Hm, I think Ellia might have one of those. If she doesn't, I guess she could borrow APE's :evil:


Episode 12

And with that, the show steps into new crazy. Which I don't exactly mind. Most of it had been set up very well. For one, we return to the Garden and confirm that no, Naomi was not sent back, in the exact weak payoff I was anticipating before, cementing the cold uselessness of her character. I'm kind of disappointed I recall her name when it took me so long to learn some of the others enough to feel comfortable writing them (and I screwed up Kokoro for an episode or two of these writeups). But that is, of course, small potatoes.
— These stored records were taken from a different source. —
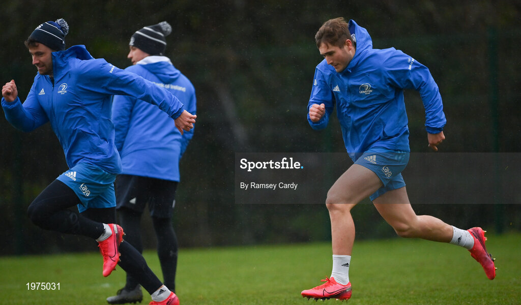 4 January 2021; Hugo Keenan, left, and Jordan Larmour during Leinster Rugby squad training at UCD in Dublin. Photo by Ramsey Cardy/Sportsfile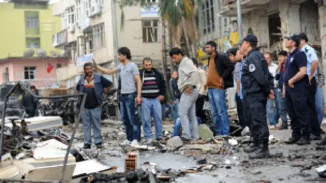 Davutoğlu ise savaşı sonlanmamasını uluslararası toplumun harekete geçmemesine bağlıyor: 'Bu saldırı, uluslararası toplumun harekete geçmemesi durumunda bir kıvılcımın nasıl yangına dönüşebileceğini gösterdi. Suriyelilerin ve Türklerin bunun cezasını çekiyor olması kabul edilemez.'"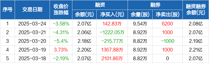 融资方面,当日融资买入2572.48万元,融资偿还2429.65万元,融资净买入142.83万元。融券方面,融券卖出6200股,融券偿还0股,融券余量9.54万股,融券余额69.45万元。融资融券余额合计2.08亿元。

The big deal is Zero Two and... yeah, just everything about Zero Two. The action in this episode was also really good. Even in the previous hard fought battles, like Episode 6 and 11, the fighting had a grandiose, larger-than-life feel to it. Here, even though everything is still pulling off the same high-anime fighting moves, the action feels damnably intense, harsh, and maybe even gritty. The new environment helps – the snowy forest provides a more dynamic battleground than the flat dead desert ever did, with numerous obstacles and finite lines of sight. The cinematography also helps, with a lot of dutch angles throughout and, as well, what I would call “enough” closeups – not so many that you can't understand the fight choreography or see what's going on, but enough that the speed of the action is really felt. Sure, Zero Two and Hiro fly really fast while spouting innuendos in Episode 4, but the way you see them move never feels quite as sharp as it does here. Of course, Zero Two herself is giving her all for the harshness. Her bloodthirsty attitude plays over all the fight scenes, and she's constantly topping herself with just how uncomfortable she can make the slaughter. But the intensity of the action isn't the biggest point.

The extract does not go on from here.